- Born: Bianca Allaine Evans 1979 (age 45–46) Garland, Texas, U.S.
- Occupations: Actress; model; host;
- Years active: 2005–present
- Spouse: Michael Kyne ​(m. 2011)​
- Website: biancaallaine.com

= Bianca Allaine =

American actress, host, and model

Bianca Allaine Kyne (born Bianca Allaine Evans), also known as Bianca Barnett, Bianca Abel, or Bianca Allaine, is an American actress, host, and model. In 2011, Allaine won the Golden Cobb Award for "Best Rising B Actress".

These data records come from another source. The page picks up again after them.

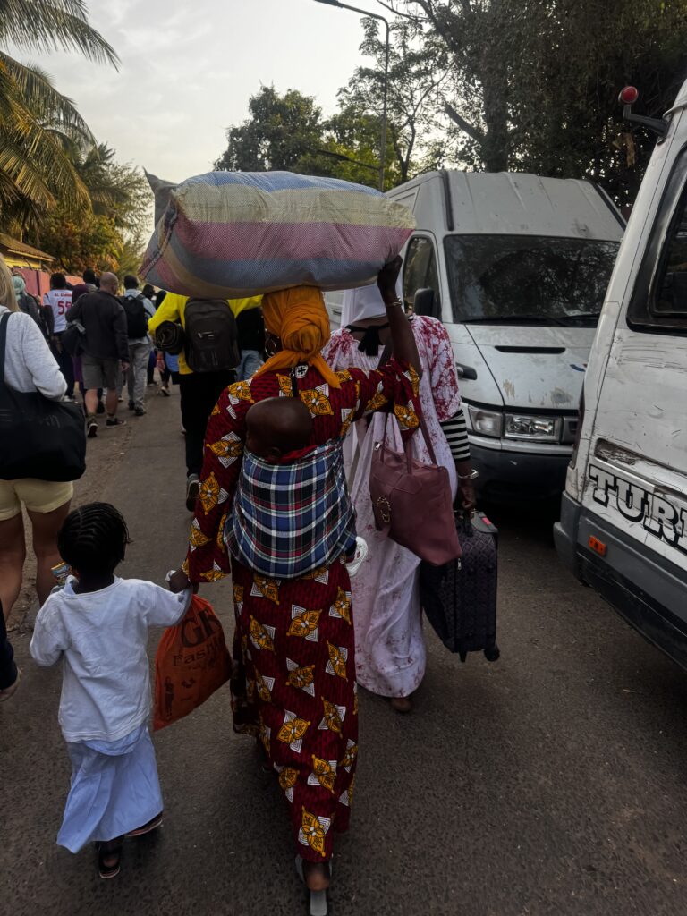 Gdy prom przybywa do Barra, fala ludzi wylewa się długą, barwną falą przez miasteczko. Teraz musimy dojść do naszego busika. W drodze powrotnej, mimo długiego oczekiwania na prom w lokalnej restauracji, wsiedliśmy na pokład, za to bus nie wjechał! Nie załapał się po prostu. Wsiadając mijaliśmy ogromną kolejkę samochodów, dymiących tak cuchnącymi spalinami (na czym oni jeżdżą?), że musiałam zasłaniać twarz. „This is Africa!” – rzucił widząc to młodzieniec przy kopcących pojazdach.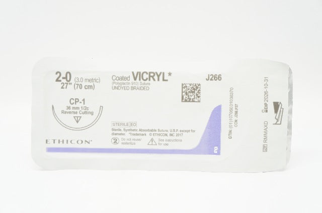 - Ethicon J266 2-0 VICRYL Polyglactin Stre CP-1 36mm 1/2c Reverse Cutting 27inch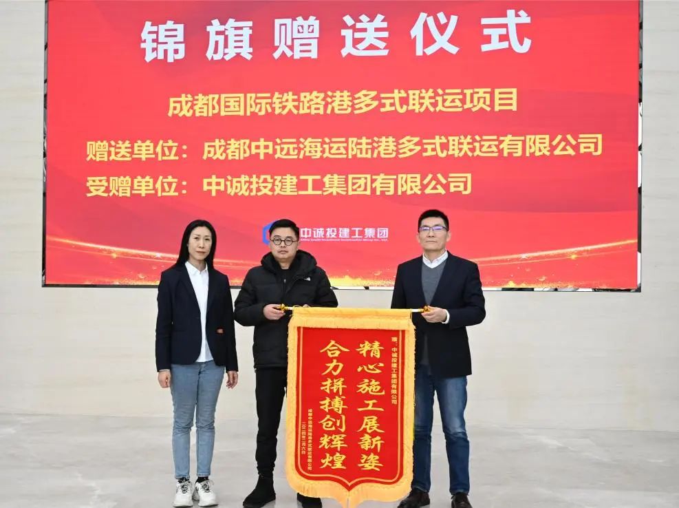 1月17日,中誠投建工集團收到成都中遠海運陸港多式聯運有限公司業主代表王麟送來印有精心施工展新姿 合力拼搏創輝煌的一面錦旗,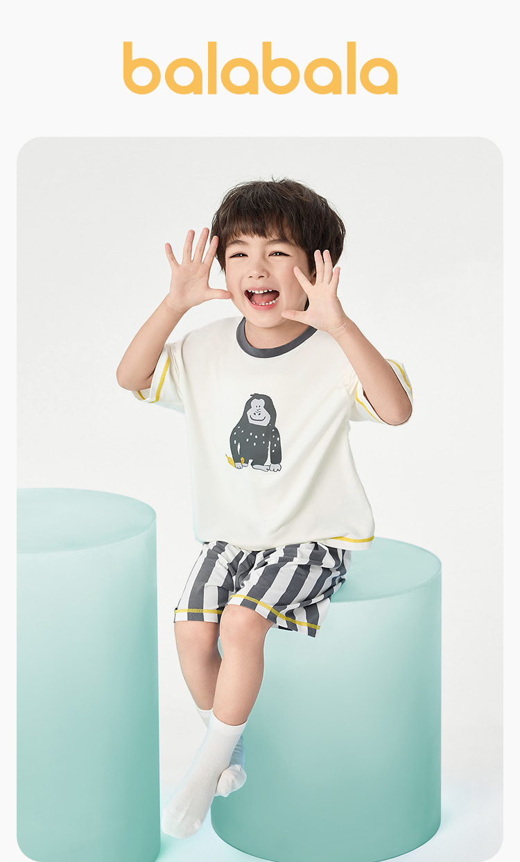 巴拉巴拉儿童睡衣套装男童家居服小童大童空调服凉感舒适亲肤卡通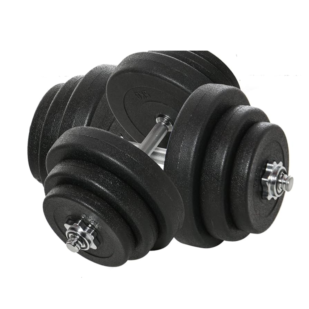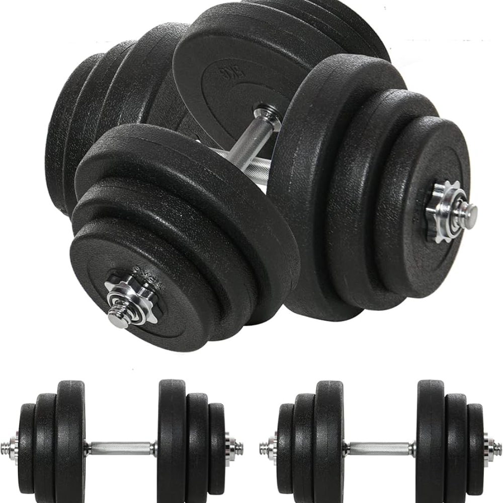 This set is made from high-quality steel and plastic for durability and long-lasting use, with a non-slip grip on the handles to ensure comfort and safety during exercises. You can adjust each dumbbell’s weight by adding or removing plates, making it suitable for a wide range of workouts from light toning to heavier strength training.
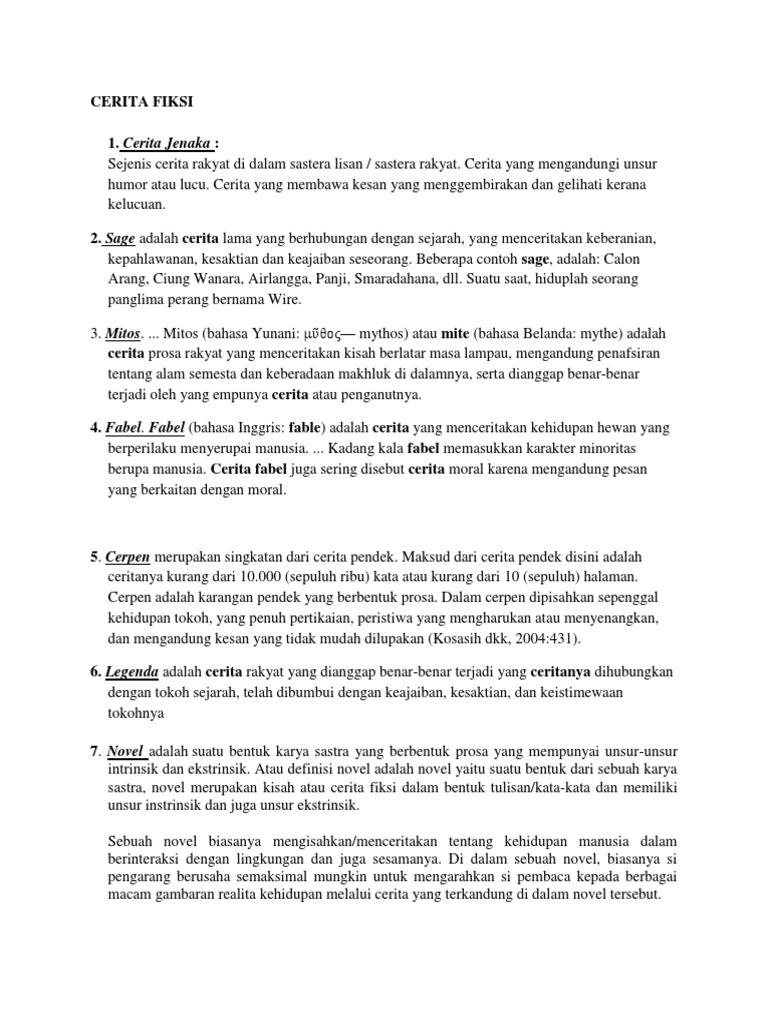 Jenis Jenis Cerita Fiksi Halaman All Kompas Com

==Early life and career beginnings==
Allaine was born in Garland, Texas. At a young age Allaine discovered the book Scary Stories to Tell in the Dark, which began her "love for macabre." She was so frightened by the book that her mother tried to have it removed from the school library. Allaine started modeling and runway work for local agencies as well as hair and makeup shows in her hometown of Dallas, Texas; she then moved to Los Angeles, California at age eighteen to pursue acting, signing with Dragon Talent, who booked her background work in music videos. This led to further background work in student films, short films, television shows, and more music videos. Through her friend Lenora Claire, she was introduced to Ramzi Abed, who gave her parts in a few of his movies. She continued working on small projects, which included the film Canes. The project required her to wear prosthetic make-up, giving her the experience to take on the role of Pig Bitch in 2009's Albino Farm.

Allaine is set to appear in the upcoming film Cryptids.

==Personal life==
Allaine has been married to fellow filmmaker Michael Kyne since August 5, 2011. Their short film M Is for Marriage was released on Bloody Disgusting's Anthology World of Death Blu-ray. As of 2015, the couple was working on a 1980s-inspired horror-comedy entitled Zombinatrix.

Among her other projects is the series Watch These Films with Bianca Allaine, which combines highlights, clips, re-enactments, and droll observations of cult classic horror films.